Slipping Down the Slope: Gamergate Card Game to Today

When the Gamergate card game was banned, Steve Wieck boasted about how Onebookshelf had only ever had to ban one thing ever, and hey, it was okay because it was just Gamergate, the maid rape and crack whores were safe. Well, first they came for Gamergate, now they’ve come for Tournament of Rapists. Because that’s how fucking far through the looking glass we are. Yeah, the inoffensive card game satirizing the events of the first few months of Gamergate was banned first, but now Onebookshelf has gone down the “We’ll ban offensive stuff when we see it” slippery slope that everyone said would happen because of some tacky open d20 product that got brigaded.

So it’s been shown that brigading titles on Onebookshelf could be the new primary means for the perpetually offended to attack things they don’t like in tabletop. In the meantime, James Raggi, creator of Lamentations of the Flame Princess and world famous provocateur of tabletop gaming, has possibly threatened to leave the industry in response to this:

“I checked my stats and according to the ranking function they have in the Publisher tools, I am a Top 2% seller on OBS. (which says more about how small the 98% are more than how big I am) I have done over $100,000 gross sales over the six years I’ve sold through the site, which isn’t nothing.
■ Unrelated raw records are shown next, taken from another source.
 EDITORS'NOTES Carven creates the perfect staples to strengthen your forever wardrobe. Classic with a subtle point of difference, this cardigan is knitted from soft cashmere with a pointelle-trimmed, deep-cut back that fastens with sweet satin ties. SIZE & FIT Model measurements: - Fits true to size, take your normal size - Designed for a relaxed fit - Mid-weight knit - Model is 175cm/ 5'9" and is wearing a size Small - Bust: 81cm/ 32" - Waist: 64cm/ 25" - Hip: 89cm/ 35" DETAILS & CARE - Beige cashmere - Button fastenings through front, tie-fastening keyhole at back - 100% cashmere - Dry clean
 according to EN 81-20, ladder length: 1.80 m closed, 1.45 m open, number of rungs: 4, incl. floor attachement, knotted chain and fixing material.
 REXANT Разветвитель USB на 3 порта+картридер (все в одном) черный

If one of my products gets pulled, or if the products of my peers are pulled without their consent, I am taking every LotFP product off of that site, which will be something of an economic armageddon for me and a hardship from everyone on my roster getting royalties from sales. I’ll also have pretty much no mechanism for conveniently delivering PDFs to people. (even reinstating PDF sales on my site would leave me no mechanism to provide access to people that do not purchase the title; I have rather cheap software and investing in more sophisticated software will be quite impossible without OBS sales money coming in.)

This past weekend a brainless howling mob showed they were in charge of this industry and have the power to disappear ideas and products they disapprove of. Whether this is the majority or a very vocal minority doesn’t make much difference to me; I consider myself at war with them. That this is within our industry feels like an intense betrayal; I have been literally shaking mad over the past several days. Simply shitting out pieced-together cheap crap POD versions of what I owe people and simply quitting has crossed my mind.
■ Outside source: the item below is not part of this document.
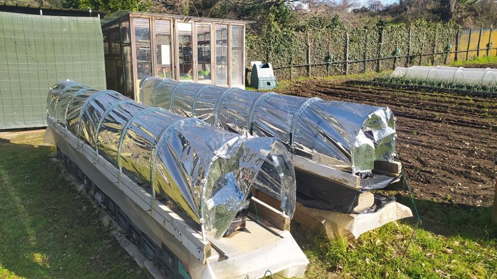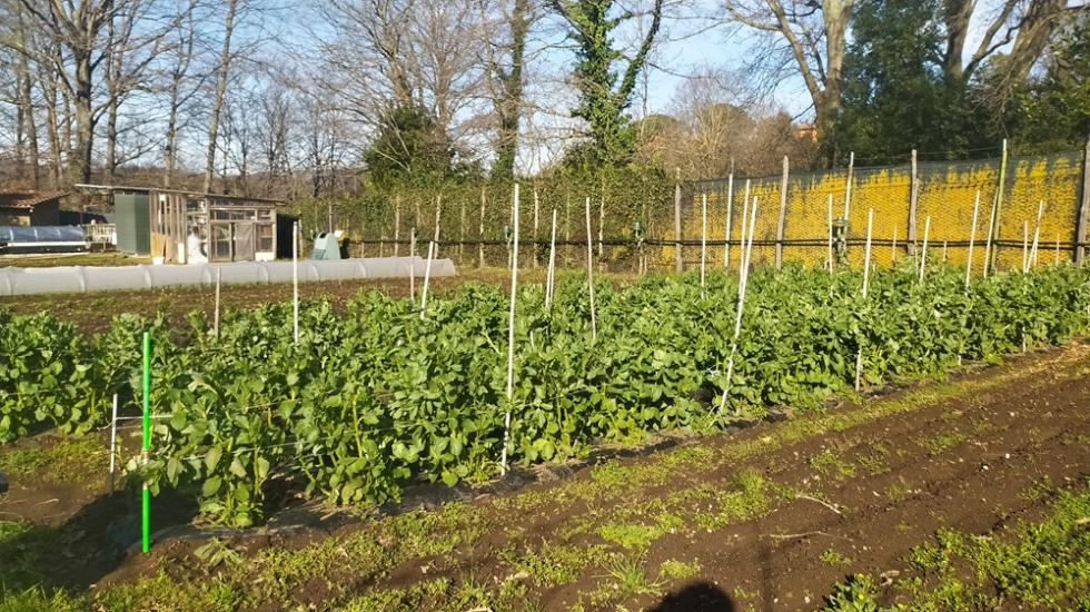 FAVE, sono già in fioritura per effetto del tunnel/telo TNT che le hanno protette della pioggia e dal freddo. il tunnel è stato eliminato al 15 di febbraio

Without the ability to freely create, and freely reach people who might be interested in those creations, participation in this hobby and this industry is simply not worth doing.
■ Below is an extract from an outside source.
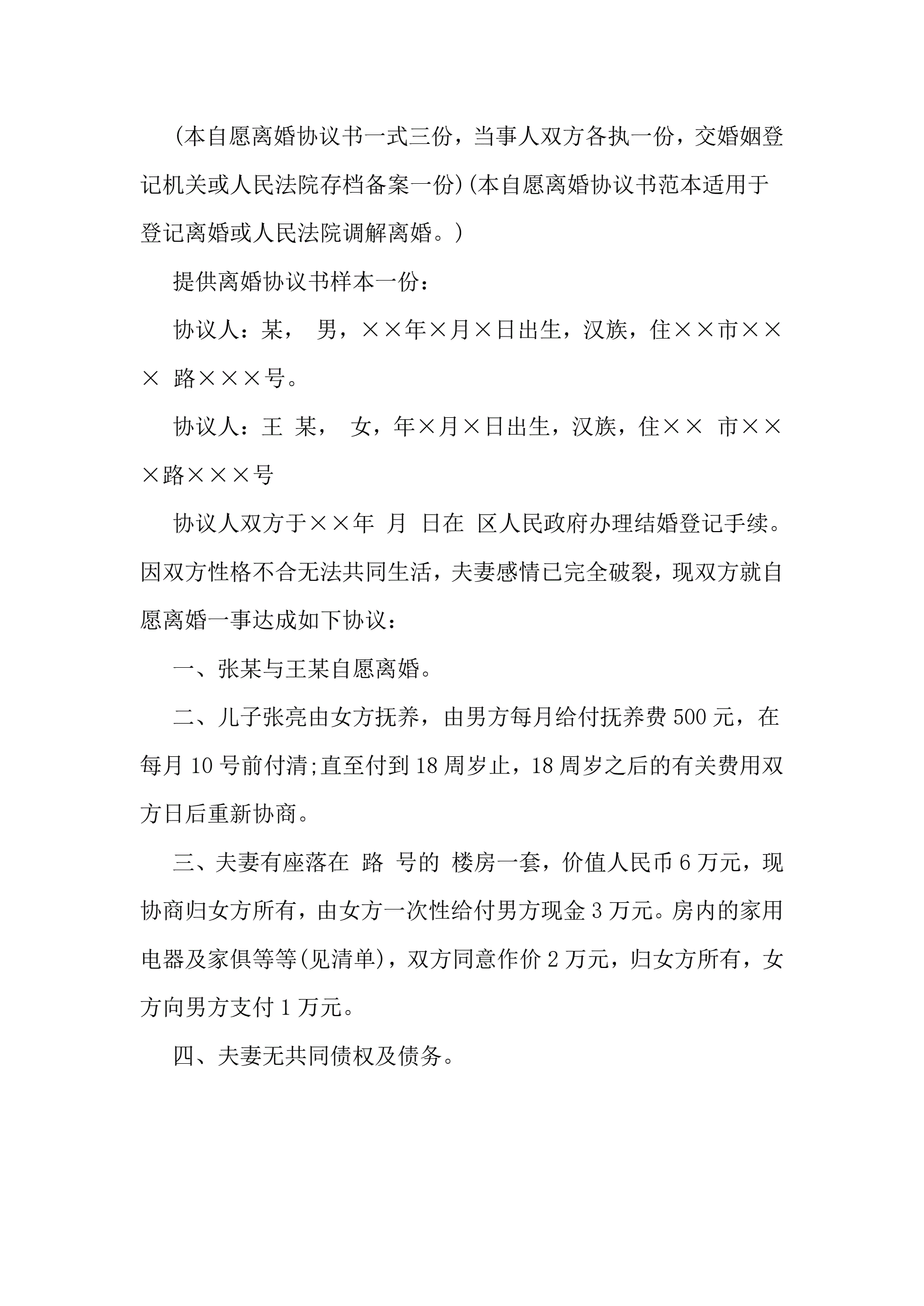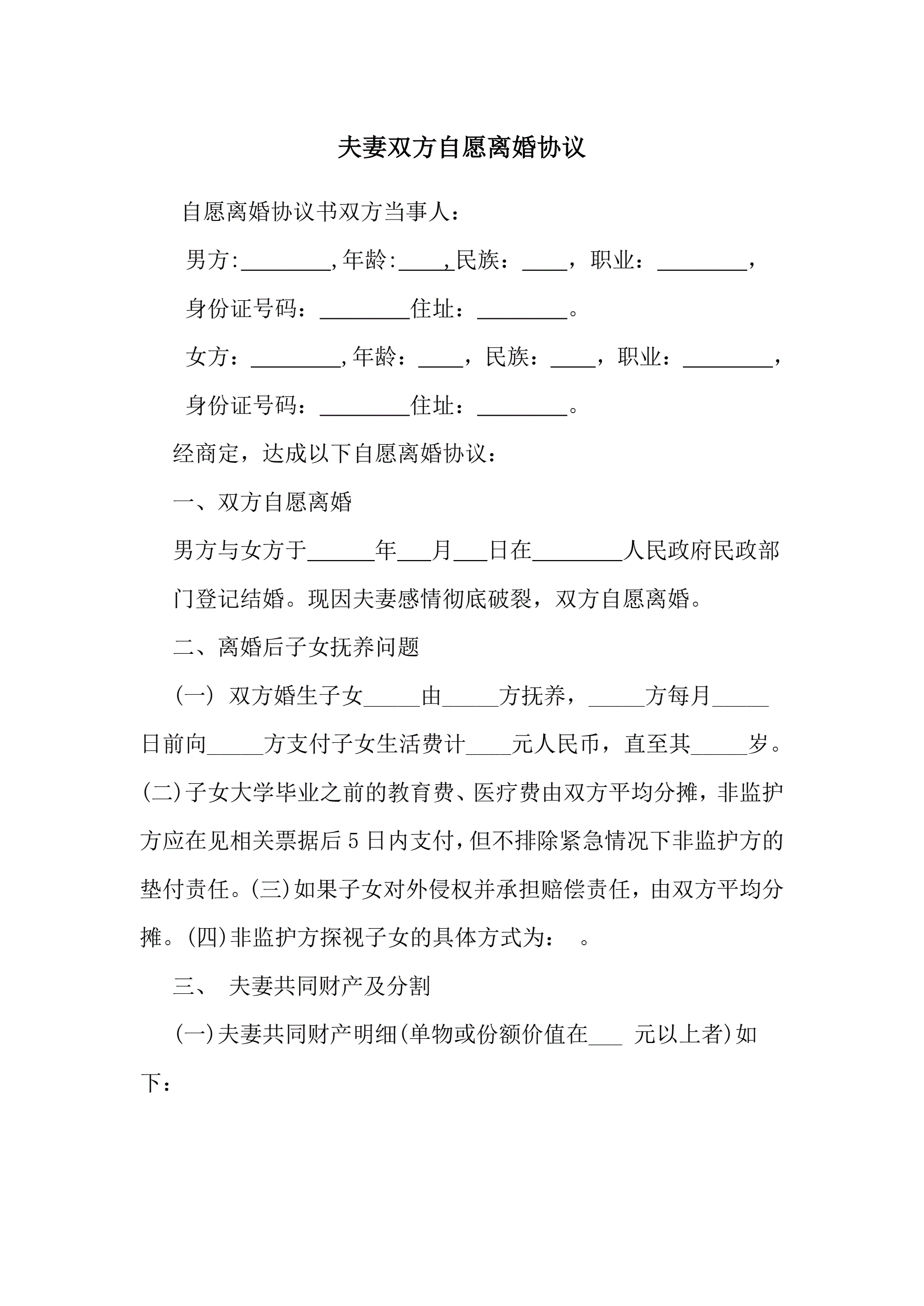 夫妻双方自愿离婚协议

Anyone who would restrict that creativity, or make it more difficult to find people who are creating things you might enjoy, anyone who restricts imagination and works of fiction, anyone who works to ban any work, is simply evil.


We have lost a great deal over the past several days.” James Raggi via Google+

Frankly, I don’t care much for Raggi’s products and would probably never buy them, but I cannot dispute his importance to the tabletop market as a creator, consultant, and product developer. Tournament of Rapists, disgusting as it is, likely had no importance or significant impact on the tabletop market until this week.

What do you do about gross things? You don’t buy them!

People aren’t mad because you can’t buy a game about rapists, people are mad because they see the existential threat to creative free speech looming on the horizon. We didn’t want to hear Steve Wieck say “Rape is fine!”; what we wanted to hear Steve say was “Tournament of Rapists sounds gross; I’m not going to buy it. If you think it sounds gross, you probably shouldn’t buy it either!”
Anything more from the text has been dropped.